- The loss of 33 cents a share was narrower than the record loss of $17.3 billion, or $3.40 a share, in the same period of 2008.
- Expectation was to lose 30 cents a share, the average estimate of 18 analysts surveyed by Bloomberg.
- Chief Executive Officer Vikram Pandit had to book an $8 billion pretax charge when he repaid $20 billion of bailout funds in December to avoid being left behind by rival banks that exited the Troubled Asset Relief Program.
- Revenue missed analysts’ estimates as trading results declined from the third quarter.
Citigroup rose 12 cents, or 3.5 percent, to $3.54 in composite trading on the New York Stock Exchange at 4:15 p.m. That compares with $34.77 on Dec. 10, 2007, the last closing price before Pandit was named to the top post.
Not counting the repayment of funds to the U.S. government, the fourth-quarter loss was $1.4 billion, or 6 cents a share.
Citigroup’s loss contrasts with results at New York-based JPMorgan Chase & Co., which said last week that profit more than quadrupled from a year earlier to $3.28 billion as investment- banking fees climbed.
Citigroup’s revenue fell 4.3 percent to $5.41 billion in the fourth quarter, the company said. Managed revenue excluding the costs of the TARP repayment was $17.9 billion. Analysts expected the bank to report revenue of $19.4 billion, according to the average of nine estimates.
Revenue Trend
For the full year, Citigroup’s loss was $1.6 billion, or 80 cents a share.
Citi Holdings, the collection of businesses tagged for disposal, had a $2.44 billion loss in the fourth quarter. Citi Holdings assets declined $70 billion to $547 billion during the quarter.
Citicorp, the division of businesses that Pandit plans to keep, had a $1.73 billion profit in the fourth quarter, compared with a $5.52 billion loss a year earlier.
Citigroup said in a presentation on its Web site that it plans to move $61 billion of assets from Citi Holdings to Citicorp in the first quarter, including $34 billion of North American mortgages.
- Net credit losses were $7.13 billion, down from $7.97 billion last quarter. Citigroup Chief Financial Officer John Gerspach said he expects a “modest increase” in credit losses in the first quarter before they fall in the second quarter.
- Non-performing loans fell 2 percent from the third quarter to $32 billion, the first sequential decline since early 2006.
- Full-year compensation fell by 20 percent to $25 billion.

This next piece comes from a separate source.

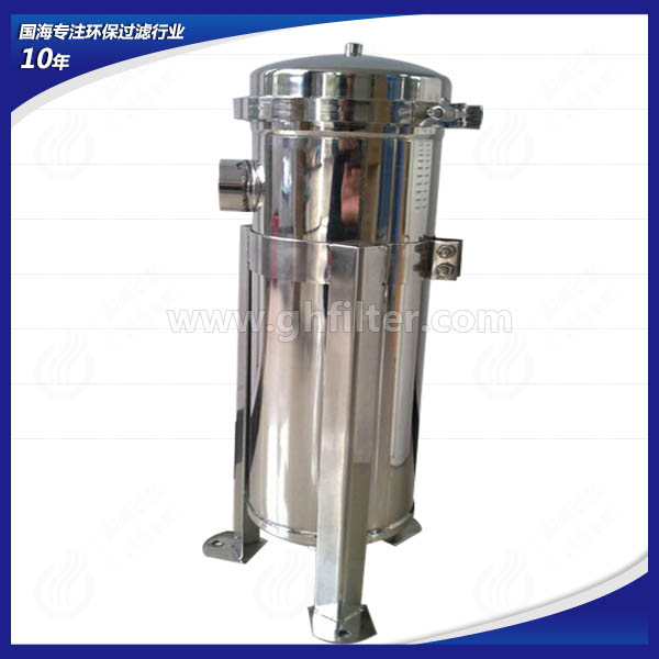新鄉市國海濾器生產的不銹鋼保安過濾器大都采用不銹鋼做外殼,內部裝過濾濾芯(例如PP棉),主要用在多介質預處理過濾之后,反滲透、超濾等膜過濾設備之前。過濾器用來濾除經多介質過濾后的細小物質(例如微小的石英沙,活性炭顆粒等),以確保水質過濾精度及保護膜過濾元件不受大顆粒物質的損壞。精密過濾裝置內裝的過濾濾芯精度等級可分為0.5μs,1μs,5μs,10μs等,根據不同的使用場合選用不同的過濾精度,以保證后出水精度及保證后級膜元件的安全。采用PP棉、尼龍、熔噴等不同材質作濾芯,去除水中的微小懸浮物,細菌及其它雜質等,使原水水質達到反滲透膜的進水要求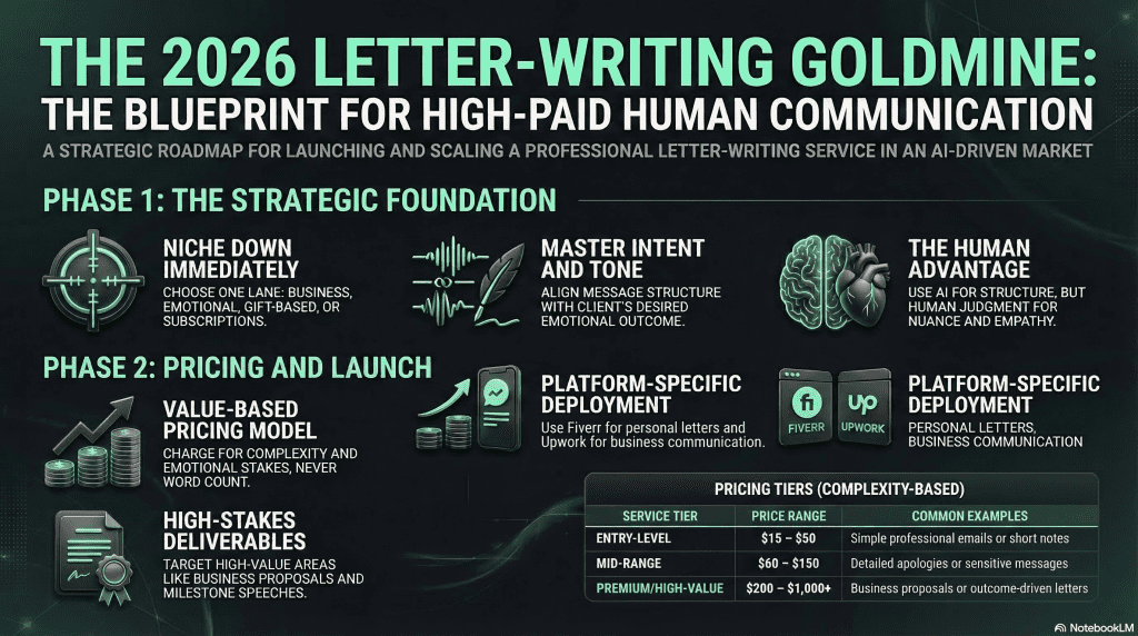 - Start simple: choose one type of letter, one platform, and one clear offer. Build experience before expanding.

- Revenue from trading and investment-banking climbed 5.9 percent from a year earlier to $5.4 billion. Those figures exclude “credit value adjustments” of $1.9 billion, or losses required under U.S. accounting rules to reflect an increase in the market value of its own liabilities. The CVA for the fourth quarter included an $840 million pretax loss to correct for an error made in the way Citigroup calculated its CVAs in prior periods, the bank said in today’s statement.
Consumer-banking revenue rose 0.2 percent to $5.72 billion, and revenue in the global transaction services unit was $2.48 billion. Local consumer lending, which includes the CitiFinancial personal-loans unit, had a $2.33 billion loss from continuing operations, narrower than the $4.89 billion loss a year earlier.
Citigroup is forecast to earn 9 cents a share this year, or 2 percent of what it made in 2005, based on Bloomberg’s analyst survey. That’s partly because Citigroup has had to issue almost 23 billion new shares to bolster a weakened capital base. Investors who were shareholders prior to the financial crisis were left with about one-fifth their original stakes.
Pandit sold $20 billion of shares to new investors last month to help repay the bailout funds, a move aimed partly to extract the company from executive-pay restrictions that threatened to drive away top-producing traders and investment- bankers. The government, which initially said it would sell as much as $5 billion of its shares in the offering, later scrapped the plan because the price was too low.